Carnmoney octogenarians still tripping the light fantastic

Life partners on and off the dance floor: Stewart and Betty Massey. INNT 10-506CON
Life partners on and off the dance floor: Stewart and Betty Massey. INNT 10-506CON

They may have a combined age of more than 160 years, but Carnmoney’s answer to Fred and Ginger have no plans to hang up their dancing shoes any time soon.

Stewart and Betty Massey met at a dance in the Plaza Ballroom in Belfast in 1950 - and they have been together, on and off the dance floor, ever since.

Stewart and Betty Massey pictured after winning the Tango Cup in the mid 1970s.

Stewart and Betty Massey pictured after winning the Tango Cup in the mid 1970s.

The Carnvue couple, originally from Rathcoole, danced in amateur competitions all over the UK and Ireland for more than 25 years, including appearing several times on the BBC’s ‘Come Dancing’ TV show.

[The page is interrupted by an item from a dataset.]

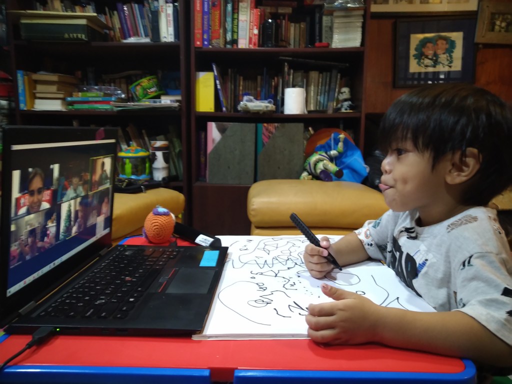 Of course the quarantine changed everyone’s plans. The first week, we tried teaching Lucas ourselves by reading to him, using flashcards and creative activities. It’s a good thing his Loola was also staying with us and she helped read some books with The Child.

They won many ballroom titles including the Ulster Championship, Mid Ulster Championship and the Willwood Championship in Dublin, and even represented Ireland at the World Championships.

“It was fabulous,” Stewart recalls. “We danced all over the place and got to meet so many good people. We made some great friends.”

In 1977 the couple, whose son Brian is also a champion dancer, decided to turn professional and turned their talents to teaching, passing on their skills to budding dancers at classes across Northern Ireland.

At one time they taught four ballroom and Latin classes each week, but now they take just one class - at Monkstown Community School on Tuesday evenings.

The 15-week programme, which runs twice a year, has been running for almost four decades and still attracts 28 people each week.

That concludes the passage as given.